Als mich in den Neunzigern eine damalige Schülerin fragte, ob ich Hip Hop möge, wußte ich nicht mal, was das ist. Damals konnte ich auch nicht einfach bei Wikipedia nachlesen oder googeln. Dementsprechend alt fühlte ich mich auf einen Schlag, denn wenn man die angesagte Musik nicht mehr kennt, ist man alt. Heute weiß ich nicht nur was Hip Hop ist, seit kurzem versuche ich sogar, darauf zu tanzen. Keine Angst, das wird jetzt nicht wieder einer dieser langweiligen Tanzberichte, denn Hip Hop ist bekanntlich viel mehr als nur Musik.
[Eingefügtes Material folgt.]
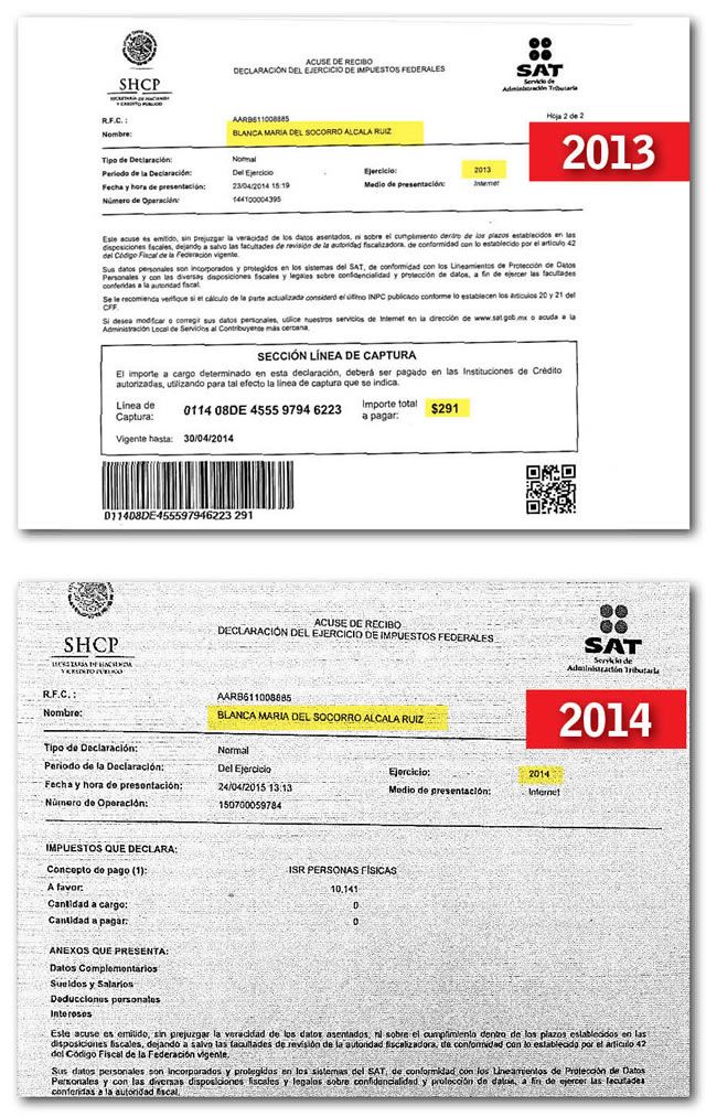 En la declaración fiscal del 2014 —la más actual que presenta— Alcalá Ruiz no pagó un solo peso de impuestos, y hasta tuvo un saldo a favor de 10 mil 141 pesos, aunque también se embolsó 1.8 millones de pesos de sueldo como senadora de la República.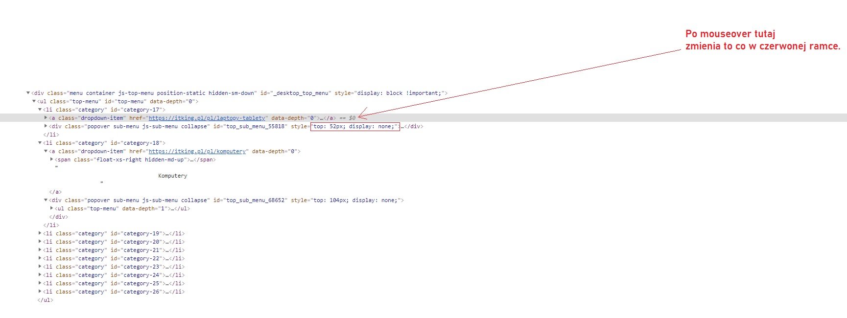 Rozwinięcie problemu na obrazie poniżej. Nie znalazłem odwołania do klasy dorpdown-item ani id top_sub_menu_xxxx w js-ach. Gdybym znalazł to wklepałbym na sztywno 0px i byłoby po problemie. Ewidentnie oblicza top-a od rodzica. Nie znalazłem nawet miejsca zmiany stylu display bo jego też js modyfikuje. Podejrzewałem jquery-ui.min.js ale nie jest zbyt czytelny. Natomiast są tam jakieś obliczenia na zmiennych a,b,e,f,g w stylu setoffsetTop ale nie wiadomo co do czego. Oczywiście nie ma tam żadnych funkcji które mógłbym bezpośrednio powiązać z tematem.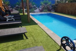 את הצימרים מקיפה חצר נופש מטופחת ופסטורלית עם בריכה מגודרת ומחוממת בהתאם לעונה. לצד הבריכה פינות ישיבה ושיזוף, שולחן גינה, ערסל, עמדת מנגל עם מטבח חיצוני נוח, פינג פונג. אורחי הצימרים נהנים לבלות בחצר של המתחם.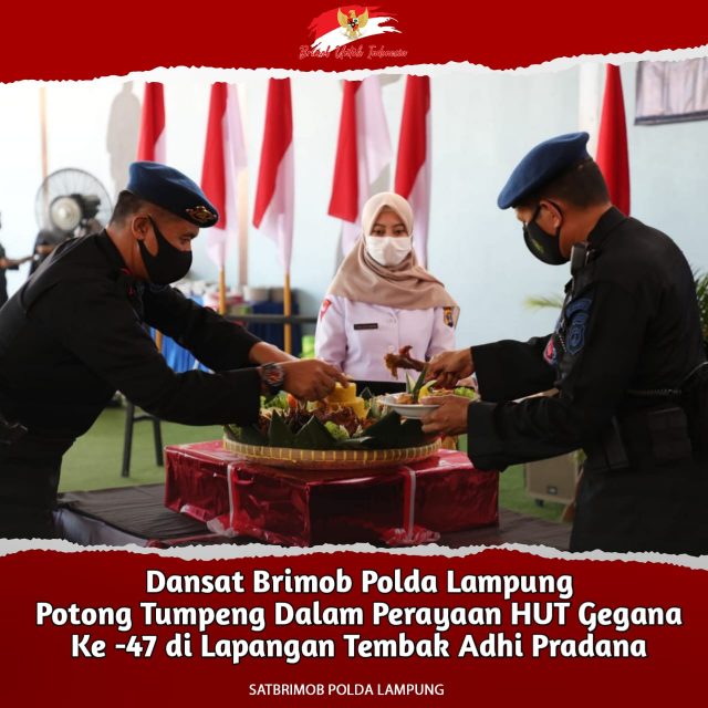 Lampunglive.com – Dalam rangka memperingati Hari Ulang Tahun Gegana Ke -47 Detasemen Gegana Satbrimob Polda Lampung melaksanakan giat Syukuran potong Tumpeng serta mengikuti Rangkaian Kegiatan Syukuran Gegana ke 47 Dari Mako Pasukan Gegana Brimob Kelapa Dua yang diselenggarakan secara Virtual ,Kamis 02/12/21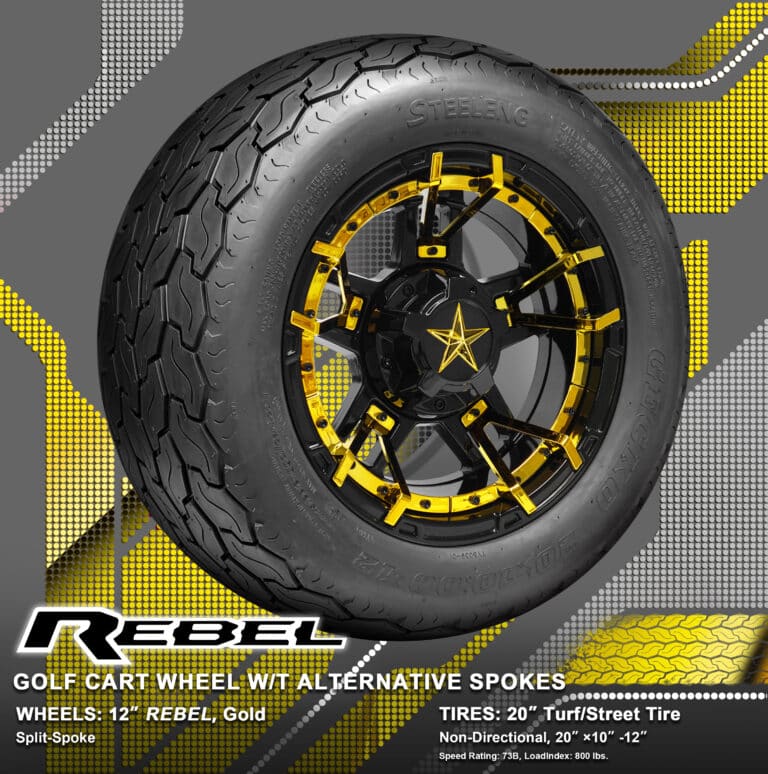 BNDL-TR1201-WH1251-WIRB38-LN0002 – SGC 12″ REBEL Glossy Black Wheel – Aluminum Alloy / STEELENG 20″x10″-12″ GECKO Street Tire / REBEL Inserts-Split Spoke-Gold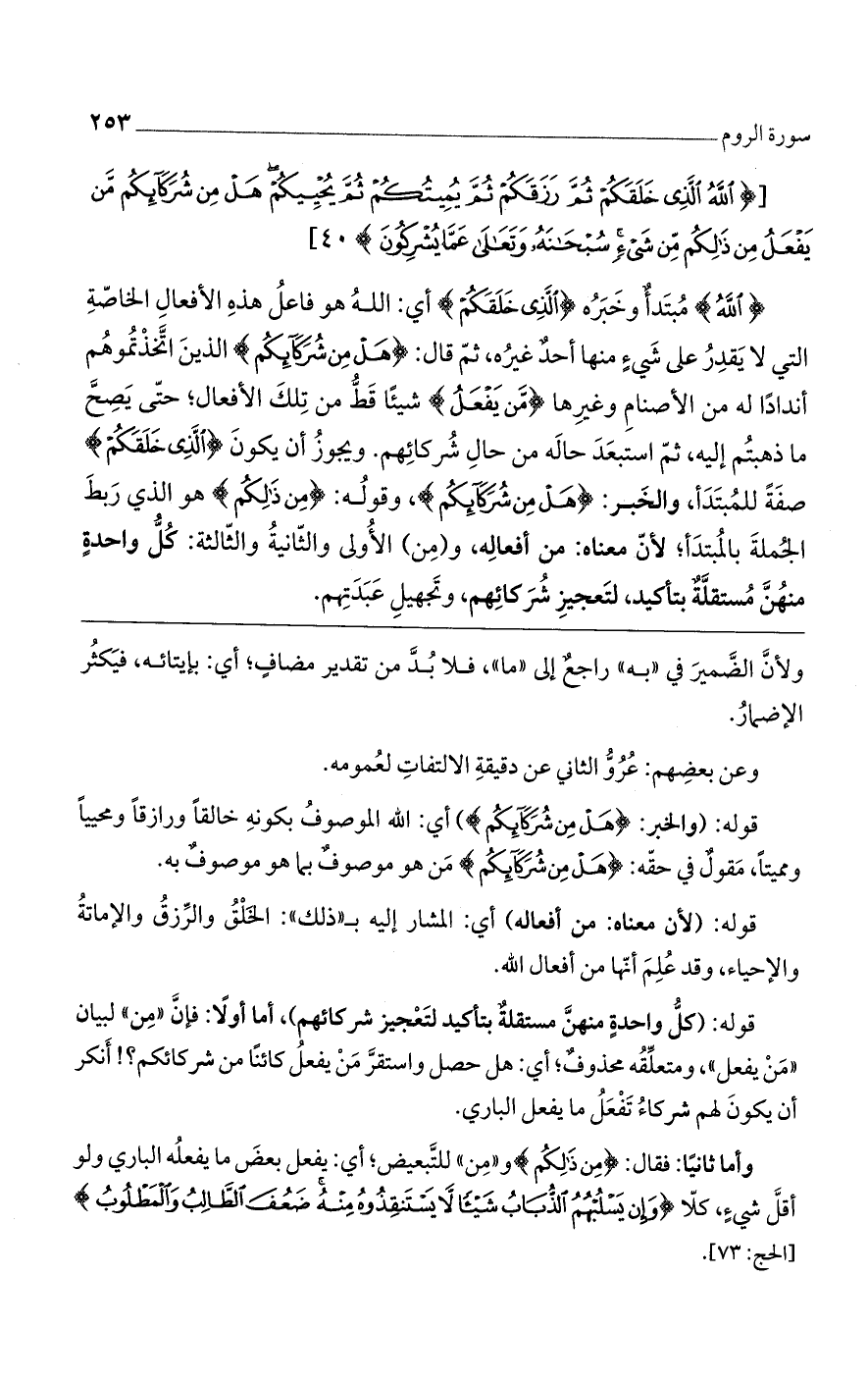 [(الله الَّذِي خَلَقَكُمْ ثُمَّ رَزَقَكُمْ ثُمَّ يُمِيتُكُمْ ثُمَّ يُحْيِيكُمْ هَلْ مِنْ شُرَكائِكُمْ مَنْ يَفْعَلُ مِنْ ذلِكُمْ مِنْ شَيْءٍ سُبْحانَهُ وَتَعالى عَمَّا يُشْرِكُونَ)] 40 [

Hip Hop ist eine Lebenseinstellung. Dazu gehören die weiten Hosen, deren Schritt auf Kniehöhe pendelt und in denen man kiloweise Kartoffeln transportieren könnte, coole Sneaker und lässige Pullover mit Kapuzen. Zu meiner Zeit - und auch diese Wendung zeigt deutlich, wie alt ich geworden bin - hießen Sneaker noch Turnschuhe und Jeans mußten eng sitzen, Pullover hatten V-Ausschnitt und drunter trug man Blusen. Einzig im Sommer trug man T-Shirts mal sehr weit mit nichts drunter, bis man von seinen pubertierenden Mitschülern erfuhr, dass der Tunneleffekt am Ärmel der Grund für die neu gewonnene Aufmerksamkeit war.

Hip Hop kommt von der Straße. Man spricht auf der Straße anders als in Schulen und Universitäten, man spricht Umgangssprache, und zwar die vor dem jeweiligen Migrationshintergrund. Gestern fiel mir zum ersten Mal auf, dass die Mehrzahl der Teilnehmer neben der deutschen auch für eine weitere Fußballmannschaft fiebert. Bis auf das Mädel aus dem Iran, die sehr anschaulich schilderte, wieso die Iranische Mannschaft ihr Fanherz nicht höher schlagen läßt:
"Ey, die sind so schlescht ey! Geht der Ball nach reschts, rennen alle nach reschts, geht der Ball nach links, rennen alle nach links. Geh' mir weg mit Iraner un' Fußball."
Eigentlich haben sie's viel besser als der Durchschnitt der Deutschen. Mit zwei Fähnchen am Auto ist man einfach flexibler. Scheidet eine Nation im Vorfeld aus, kann man immer noch für einen zweiten Verein jubeln. Ganz ohne schlechtes Gewissen. Der Konflikt beginnt erst bei so brisanten Begegnungen wie Deutschland-Italien vor zwei Jahren oder einer möglichen sportlichen Begegnung Deutschland-Türkei dieser Tage. Dann wünsche ich mir, dass die Türkei gewinnt. Andernfalls kann ich meine Hip Hop Ambitionen bis auf Weiteres vergessen.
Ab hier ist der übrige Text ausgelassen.